::: Input data :::

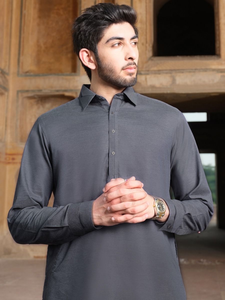 Classic Fit Kameez Shalwar Stitched In Premium Blended Fabric With Shirt Collar.
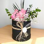 pembe gül - 11 adet siyah kutu - 1 adet cipsofilya çiçeği - 5 adet okaliptus yaprağı - 5 adet
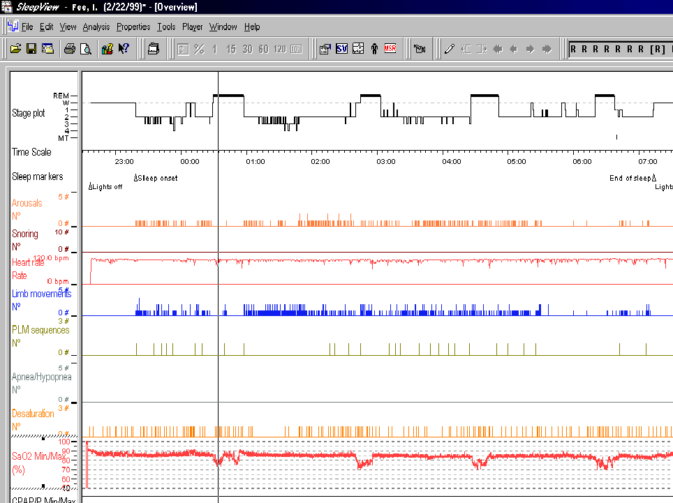 Information is gathered from all leads and fed into a computer and outputted as a series of waveform tracings which enable the Sleep Consultant to visualize the various waveforms, assign a score for the test, and assist in the diagnostic process.
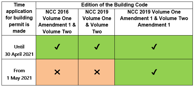 It is recommended that NCC 2019 Amendment 1 is used for current and upcoming design proposals, particularly where there may be a chance that the building permit application cannot be made prior to 1 May 2021.
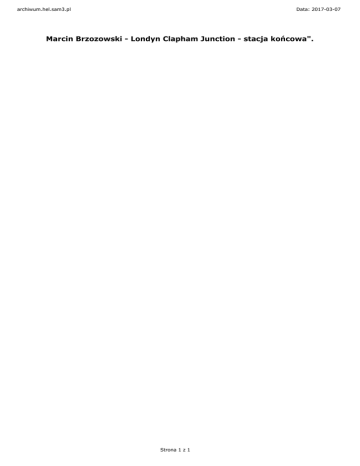 archiwum.hel.sam3.pl Data: 2017-03-07 Marcin Brzozowski - Londyn Clapham Junction - stacja końcowa". Strona 1 z 1
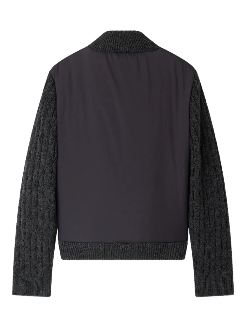 Черный панельный дизайн, рукава с косой вязкой, застежка-молния, нашивка с логотипом, воротник-стойка
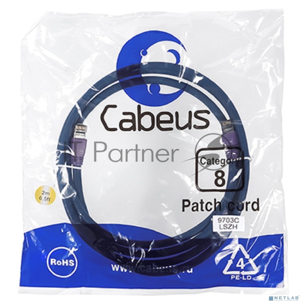 Cabeus PC-SSTP-RJ45-Cat.8-2m-LSZH Патч-корд S/FTP, категория 8 (40G, 2000 MHz), 2xRJ45/8p8c, экранированный, синий, LSZH, 2 м
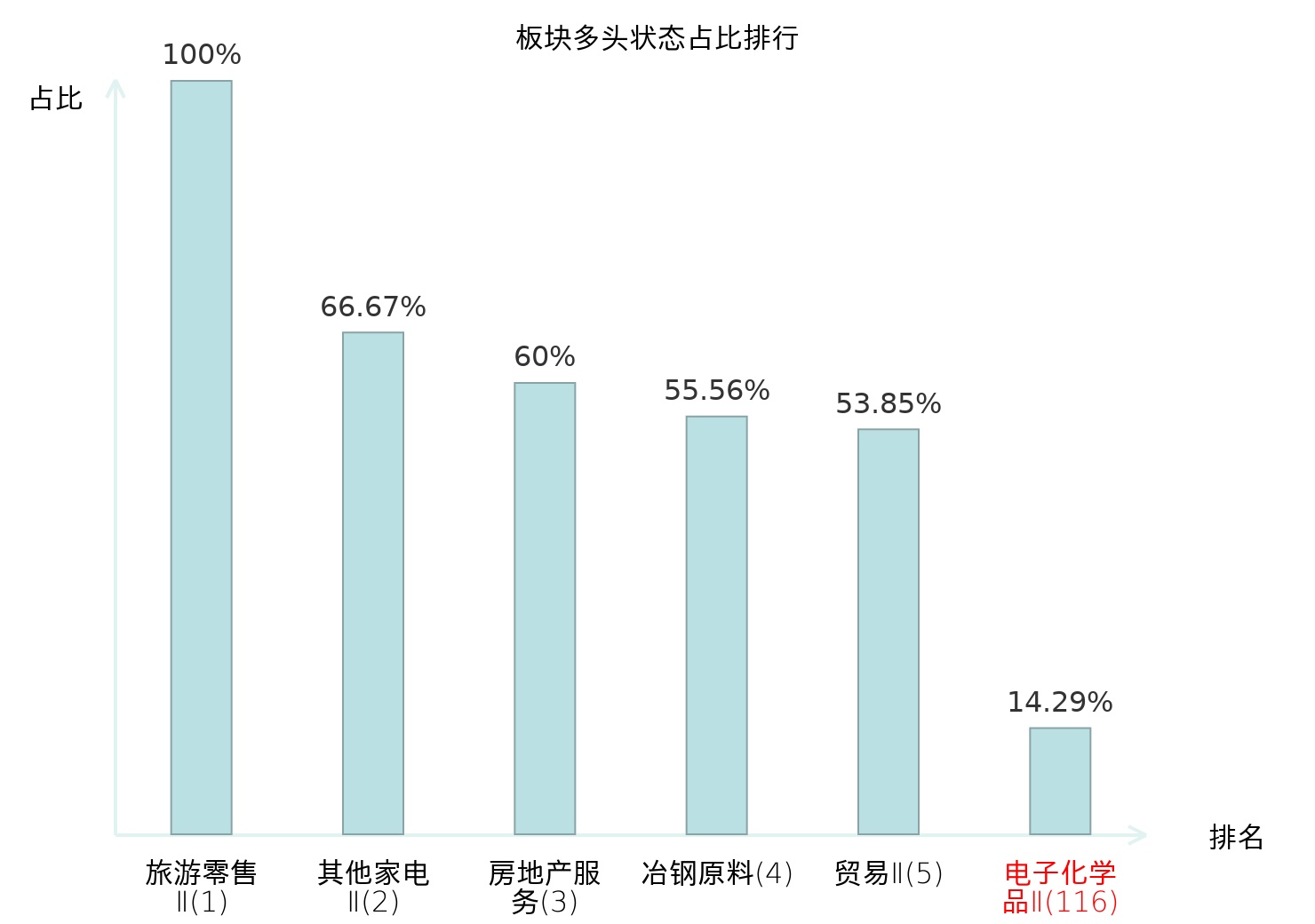 从主力宝信号数据分析,强力新材所属的电子化学品Ⅱ板块中共有5只股票处于主力多头状态,主力多头状态占比在全行业中排名第116位,较昨日下降8位。较高的排名表明主力对于该板块整体看多意愿较强,此次排名下降可能反映了主力对该板块态度的一些微调。全市场所有行业板块中,旅游零售Ⅱ板块的主力多头状态占比最高,位居第一;保险Ⅱ板块名次提升最快,较昨日上升65位。这些变动揭示了不同行业间主力资金动向的趋势,为投资者提供了关于市场情绪和潜在投资机会的重要线索。
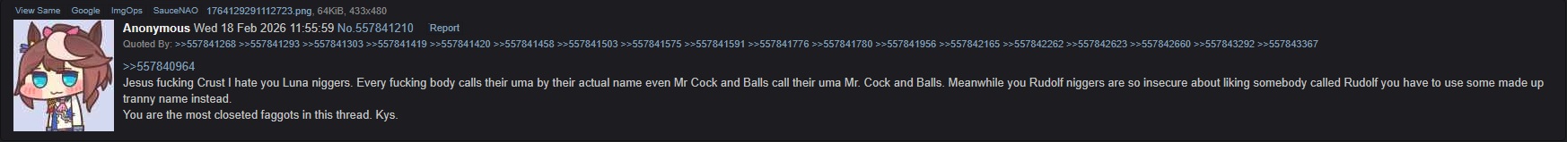 >557971637>reeee dont talk about the media franchise in the thread devoted to it>respond to my offtopic /pol/niggerykill yourself, not even giving you a (you)
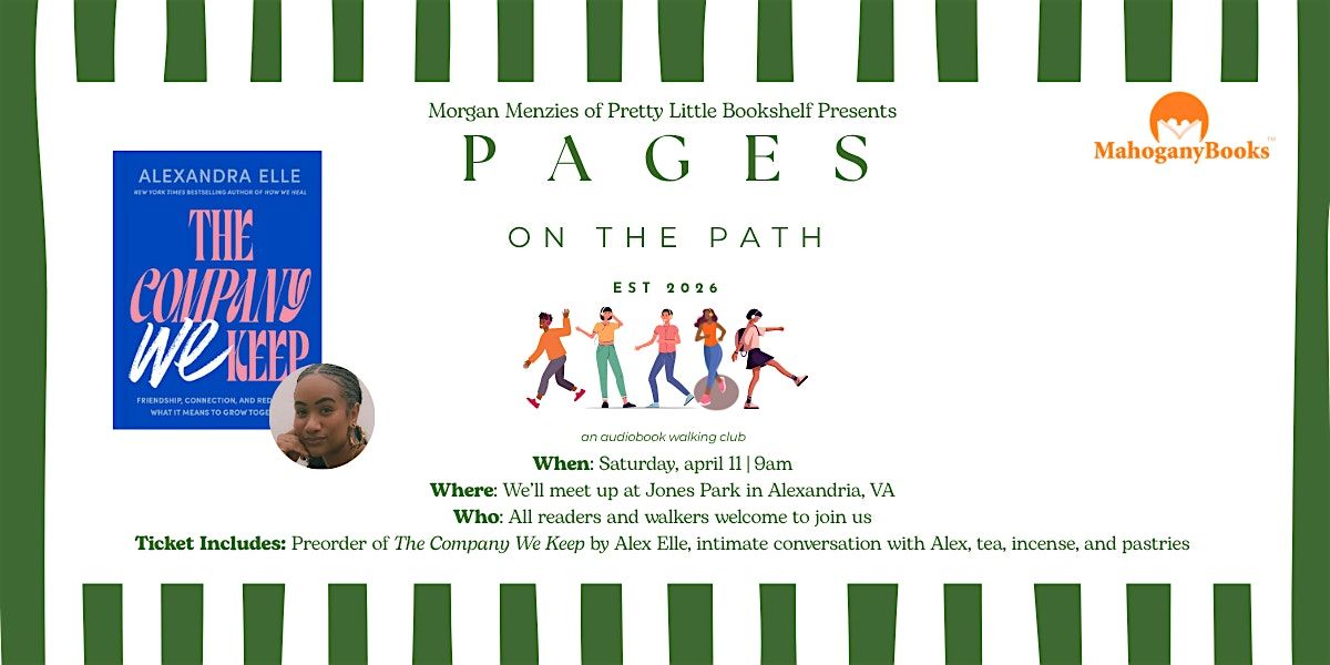 Please arrive by 9am as our walk will start promptly at 9:15am. Your ticket includes a preordered signed copy of The Company We Keep by Alex Elle from Mahogany Books, an intimate conversation with Alex Elle, tea, incenses, and pastries. Tickets are required for all attendees.
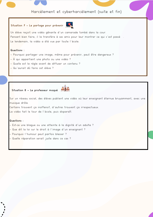 Le.La PE conclut “ Même derrière un écran, nos actes ont des conséquences. Publier, insulter ou se moquer en ligne, fait du mal et est interdit par loi, à l’école ou en dehors. “
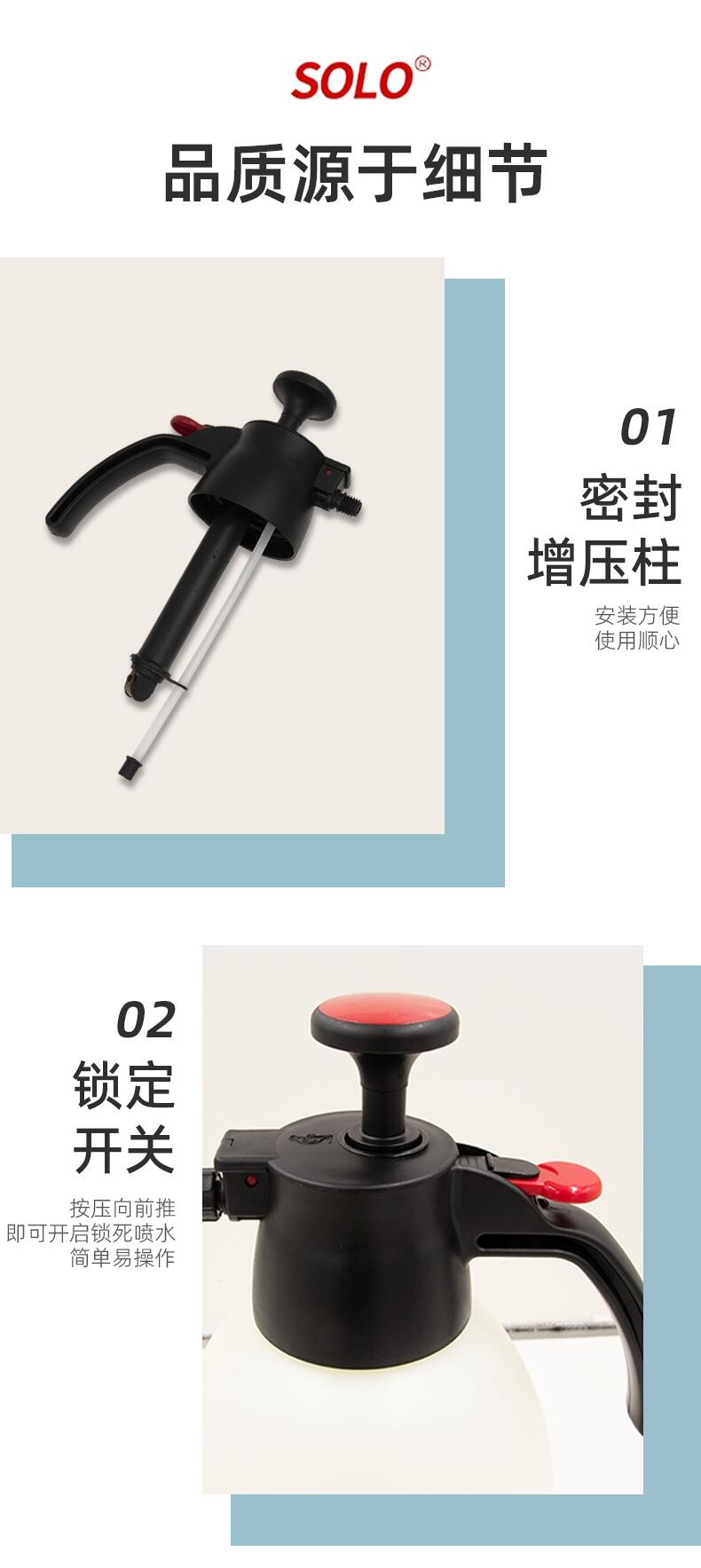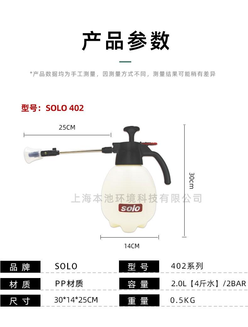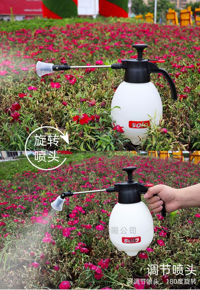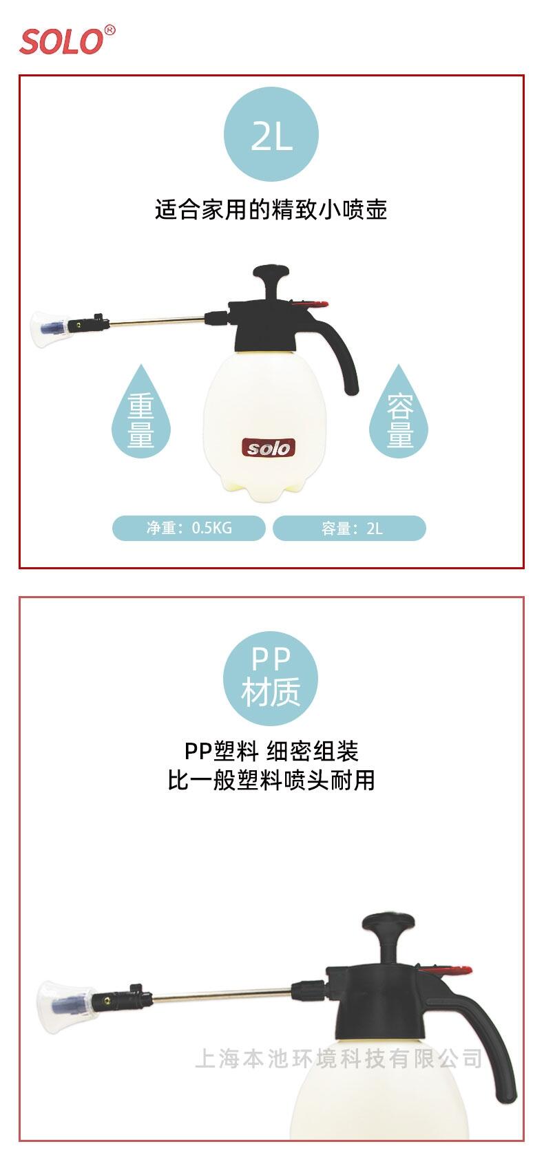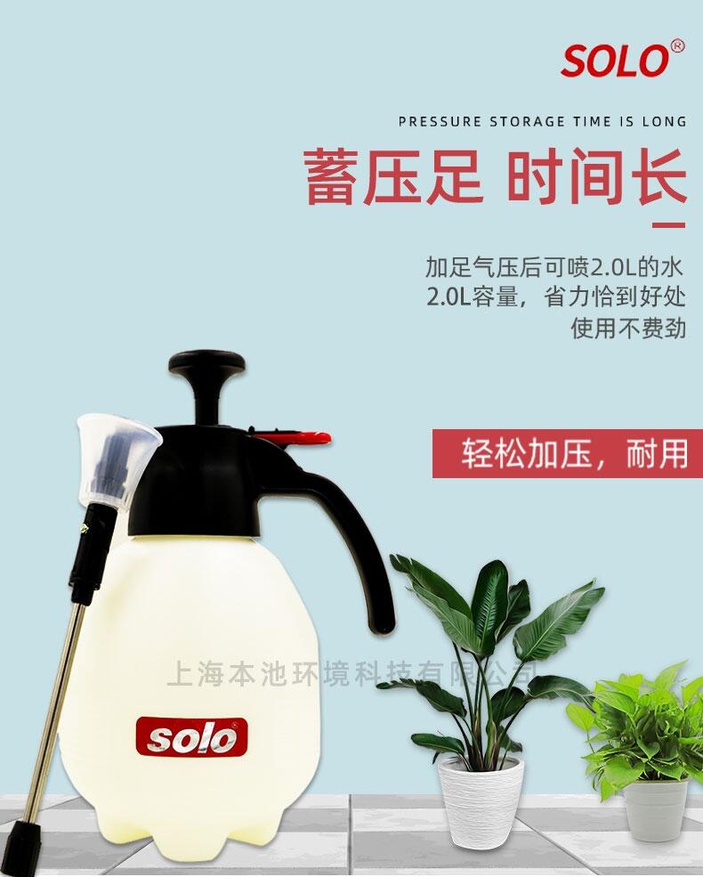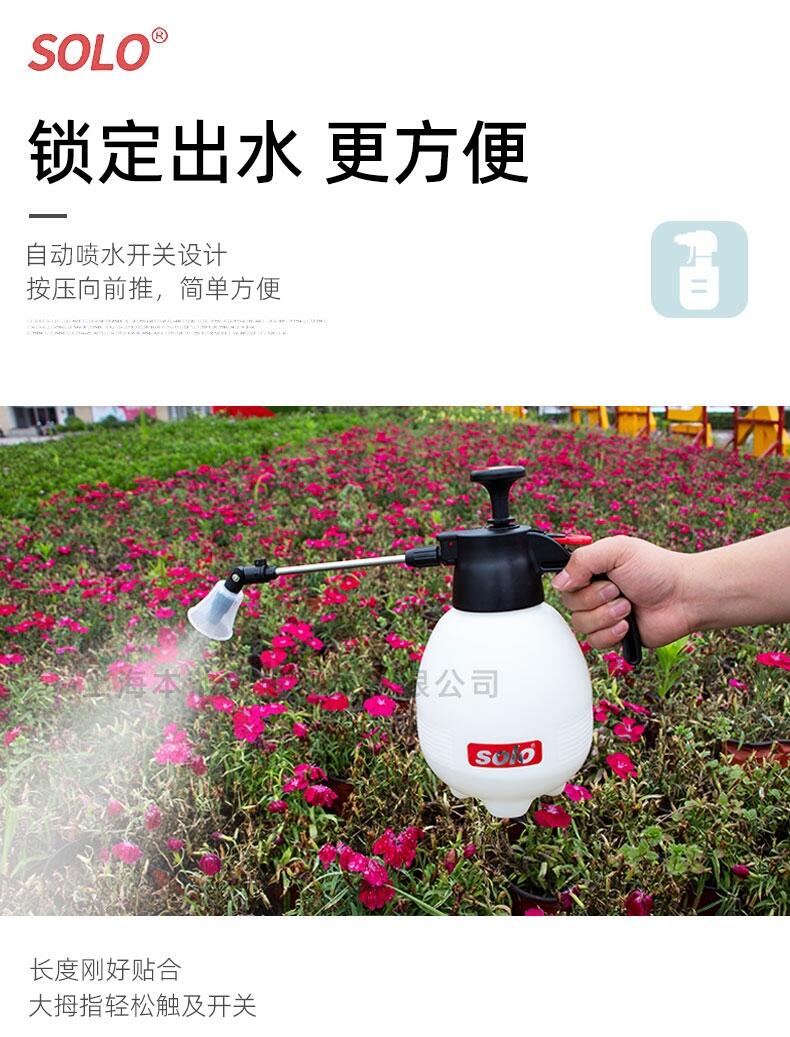 SOLO402家用清洁消毒小喷壶气压式浇花洒水喷雾壶,蓄压足,时间长,耐用,雾化细腻,一键免压自动出水,大容量2L,用途广泛,适合园艺浇花,家庭消毒防疫等。

:::

• To do
Output must match the lines from the start of the records above through the line that contains "Cabeus PC-SSTP-RJ45-Cat.8-2m-LSZH Патч-корд", exactly and with every picture removed.

• Exercise answer
 Classic Fit Kameez Shalwar Stitched In Premium Blended Fabric With Shirt Collar.
 pembe gül - 11 adet siyah kutu - 1 adet cipsofilya çiçeği - 5 adet okaliptus yaprağı - 5 adet
 Information is gathered from all leads and fed into a computer and outputted as a series of waveform tracings which enable the Sleep Consultant to visualize the various waveforms, assign a score for the test, and assist in the diagnostic process.
 It is recommended that NCC 2019 Amendment 1 is used for current and upcoming design proposals, particularly where there may be a chance that the building permit application cannot be made prior to 1 May 2021.
 archiwum.hel.sam3.pl Data: 2017-03-07 Marcin Brzozowski - Londyn Clapham Junction - stacja końcowa". Strona 1 z 1
 Черный панельный дизайн, рукава с косой вязкой, застежка-молния, нашивка с логотипом, воротник-стойка
 Cabeus PC-SSTP-RJ45-Cat.8-2m-LSZH Патч-корд S/FTP, категория 8 (40G, 2000 MHz), 2xRJ45/8p8c, экранированный, синий, LSZH, 2 м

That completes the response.